3GPP mobile standards evolve incrementally, often maintaining backward compatibility so devices and networks work with earlier 3GPP releases. This stability is critical, but it can also limit radical improvements. A new generation like 6G offers a rare chance to rethink core design principles. Unlike releases within the same generation, a new generation also allows improvements that might otherwise be difficult to introduce if they conflicted with backward-compatibility assumptions.

While 6G will build on the experience of 5G, it can also introduce architectural and security enhancements without being constrained by backward compatibility. The first release of 6G will set the foundation for years to come. That makes it essential to design security that is robust, forward-looking and resilient to emerging threats. Decisions made now will influence the ecosystem for the next decade, shaping how operators, regulators and users experience the network.

Applying a risk-based approach to 6G security

Security exists for one purpose: to manage risk. Authentication, encryption and other mechanisms are only effective when they address real threats. Designing 6G security starts with a systematic threat and risk analysis. This means identifying the assets that need protection (devices, network functions, and data), understanding potential threats and assessing the likelihood and potential impact of those threats. 

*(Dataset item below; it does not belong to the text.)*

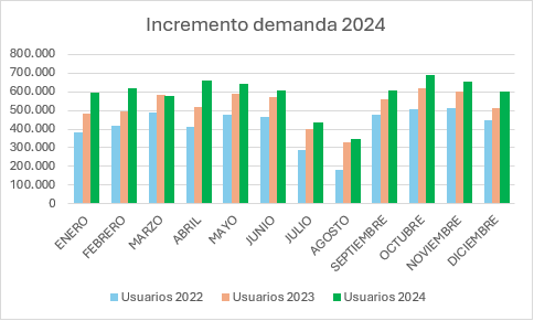 The most significant growth occurred between 2022 and 2023, when the number of users increased by 1,216,799 people, a growth of 24.06%. A rate that did not stop in 2024, closing with 739,972 more travelers than the previous year.

Without this approach, security measures can either leave vulnerabilities unaddressed or they can become overengineered, adding cost and complexity without improving protection. A risk-based approach is therefore not about adding more security everywhere, but about applying the right protection in the right places for the threats that actually matter.

6G will inherit the evolving security foundation of 5G, but new use cases and technologies will expand the threat landscape. Even small changes to system principles can introduce unforeseen risks. Revisiting threat and risk assumptions at the start of each new generation is essential to ensure the security architecture remains robust.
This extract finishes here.